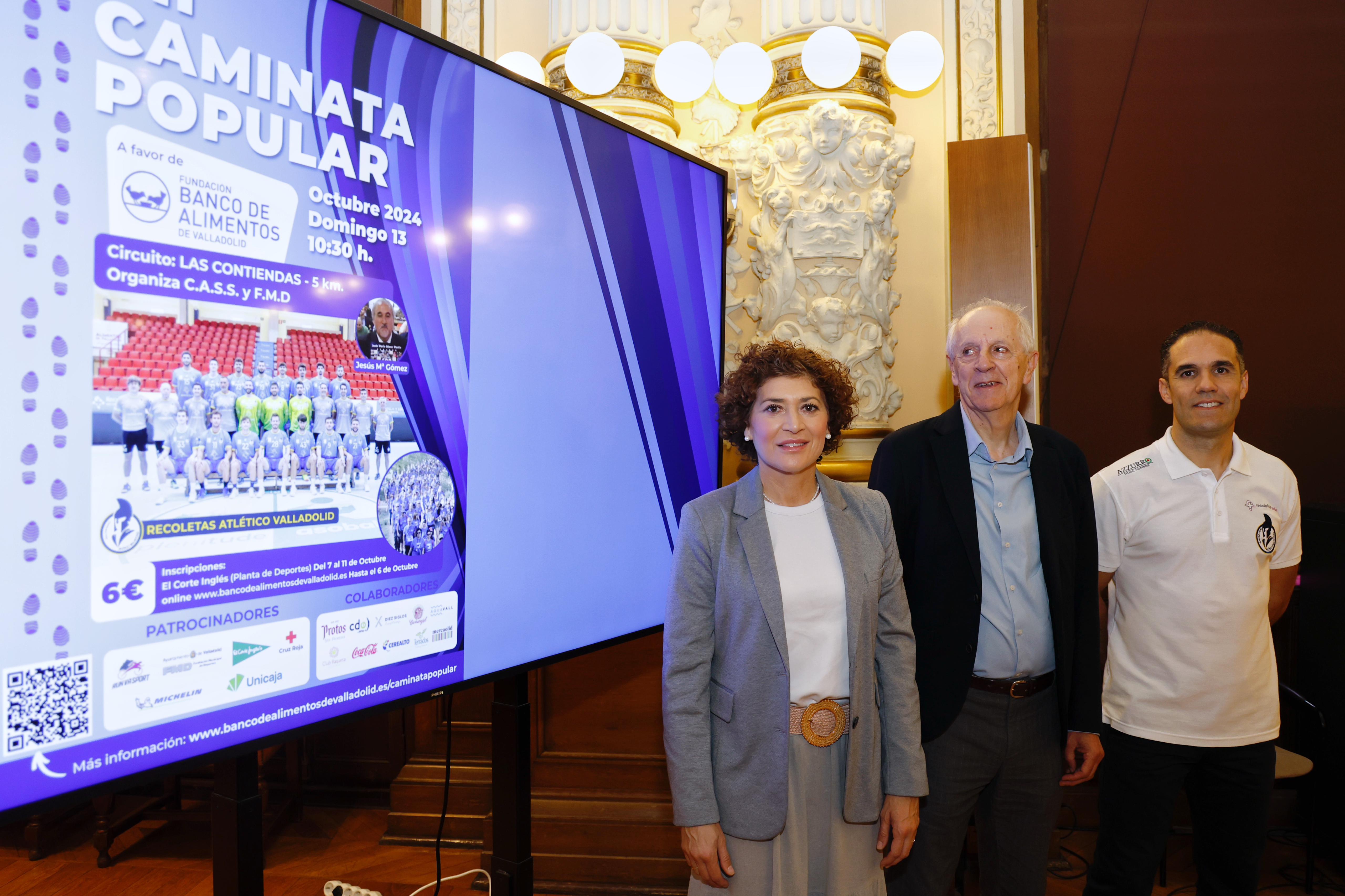 La concejala de Participación Ciudadana y Deportes, Mayte Martínez, ha presentado la VII Caminata Popular, que organizan el Club Sprint Sport y la Fundación Municipal de Deportes del Ayuntamiento de Valladolid, a favor de la Fundación Banco de Alimentos. En el acto, Martínez ha estado acompañada por el vicepresidente del Banco de Alimentos de Valladolid, Tomás Pérez Pinto, y por el presidente del Recoletas Atlético Valladolid, Mario Arranz.
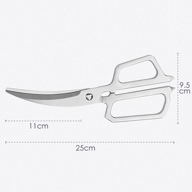 Enkel skärning: Upplev hur enkelt det är att skära genom fågel, kött och grönsaker med vår Starflame BBQ-sax. De vassa bladen i rostfritt stål ger rena och exakta snitt varje gång, vilket gör matlagningen till en barnlek. Den ergonomiska designen säkerställer ett bekvämt grepp och minskar handtrötthet vid längre användning. Perfekt för både matlagning inomhus och utomhus, dessa saxar kommer snabbt att bli ditt bästa verktyg för alla dina kulinariska behov. Njut av perfekt portionerade måltider och enkel matlagning med dessa mångsidiga köksaxar.
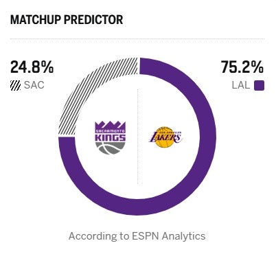 ESPN預測本場勝率:湖人75.2%,國王24.8%。
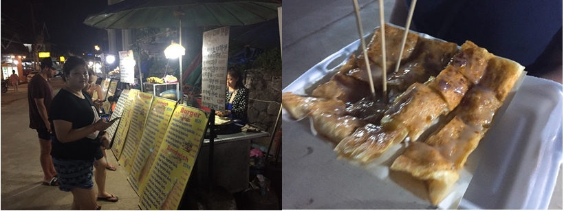 ก่อนเข้าที่พักก็ตะเวนหาของหวานกินเล่นก่อน โดยเราเลือกกินโรตีกัน ซึ่งมีหลายร้านมากๆ ที่เรียงรายเป็นแนวยาว และมีภาษาหลายภาษา ทั้งภาษาอังกฤษ ภาษาเกาหลี

______________________________

▶ **What this task involves**:
What you return should be the whole listing, word for word, without its pictures.

▶ **Your response**:
 La concejala de Participación Ciudadana y Deportes, Mayte Martínez, ha presentado la VII Caminata Popular, que organizan el Club Sprint Sport y la Fundación Municipal de Deportes del Ayuntamiento de Valladolid, a favor de la Fundación Banco de Alimentos. En el acto, Martínez ha estado acompañada por el vicepresidente del Banco de Alimentos de Valladolid, Tomás Pérez Pinto, y por el presidente del Recoletas Atlético Valladolid, Mario Arranz.
 Enkel skärning: Upplev hur enkelt det är att skära genom fågel, kött och grönsaker med vår Starflame BBQ-sax. De vassa bladen i rostfritt stål ger rena och exakta snitt varje gång, vilket gör matlagningen till en barnlek. Den ergonomiska designen säkerställer ett bekvämt grepp och minskar handtrötthet vid längre användning. Perfekt för både matlagning inomhus och utomhus, dessa saxar kommer snabbt att bli ditt bästa verktyg för alla dina kulinariska behov. Njut av perfekt portionerade måltider och enkel matlagning med dessa mångsidiga köksaxar.
 ESPN預測本場勝率:湖人75.2%,國王24.8%。
 ก่อนเข้าที่พักก็ตะเวนหาของหวานกินเล่นก่อน โดยเราเลือกกินโรตีกัน ซึ่งมีหลายร้านมากๆ ที่เรียงรายเป็นแนวยาว และมีภาษาหลายภาษา ทั้งภาษาอังกฤษ ภาษาเกาหลี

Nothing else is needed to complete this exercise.